# The input
☆ ☆ ☆ ☆ ☆ ☆ ☆

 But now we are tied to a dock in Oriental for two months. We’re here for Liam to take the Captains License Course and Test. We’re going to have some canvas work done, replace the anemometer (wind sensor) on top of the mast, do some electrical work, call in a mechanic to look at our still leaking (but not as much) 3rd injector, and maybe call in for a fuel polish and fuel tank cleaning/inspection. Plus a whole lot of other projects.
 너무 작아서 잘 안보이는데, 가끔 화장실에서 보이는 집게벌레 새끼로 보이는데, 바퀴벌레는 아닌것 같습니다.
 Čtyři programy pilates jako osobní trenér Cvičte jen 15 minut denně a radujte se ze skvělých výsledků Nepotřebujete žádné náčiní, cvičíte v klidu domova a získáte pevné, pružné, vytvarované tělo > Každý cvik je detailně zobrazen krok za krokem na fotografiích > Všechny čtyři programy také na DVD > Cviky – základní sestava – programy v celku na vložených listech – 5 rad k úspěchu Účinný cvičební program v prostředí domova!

☆ ☆ ☆ ☆ ☆ ☆ ☆

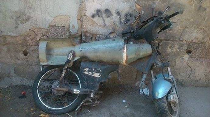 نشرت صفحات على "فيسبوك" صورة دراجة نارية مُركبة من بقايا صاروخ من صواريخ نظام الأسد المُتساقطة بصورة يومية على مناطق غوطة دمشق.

☆ ☆ ☆ ☆ ☆ ☆ ☆

# Your goal
Everything above from the line containing "But now we are" down to the line containing "Čtyři programy pilates" should be copied exactly, both end lines included, and nothing else.

# Output of the exercise
 But now we are tied to a dock in Oriental for two months. We’re here for Liam to take the Captains License Course and Test. We’re going to have some canvas work done, replace the anemometer (wind sensor) on top of the mast, do some electrical work, call in a mechanic to look at our still leaking (but not as much) 3rd injector, and maybe call in for a fuel polish and fuel tank cleaning/inspection. Plus a whole lot of other projects.
 너무 작아서 잘 안보이는데, 가끔 화장실에서 보이는 집게벌레 새끼로 보이는데, 바퀴벌레는 아닌것 같습니다.
 Čtyři programy pilates jako osobní trenér Cvičte jen 15 minut denně a radujte se ze skvělých výsledků Nepotřebujete žádné náčiní, cvičíte v klidu domova a získáte pevné, pružné, vytvarované tělo > Každý cvik je detailně zobrazen krok za krokem na fotografiích > Všechny čtyři programy také na DVD > Cviky – základní sestava – programy v celku na vložených listech – 5 rad k úspěchu Účinný cvičební program v prostředí domova!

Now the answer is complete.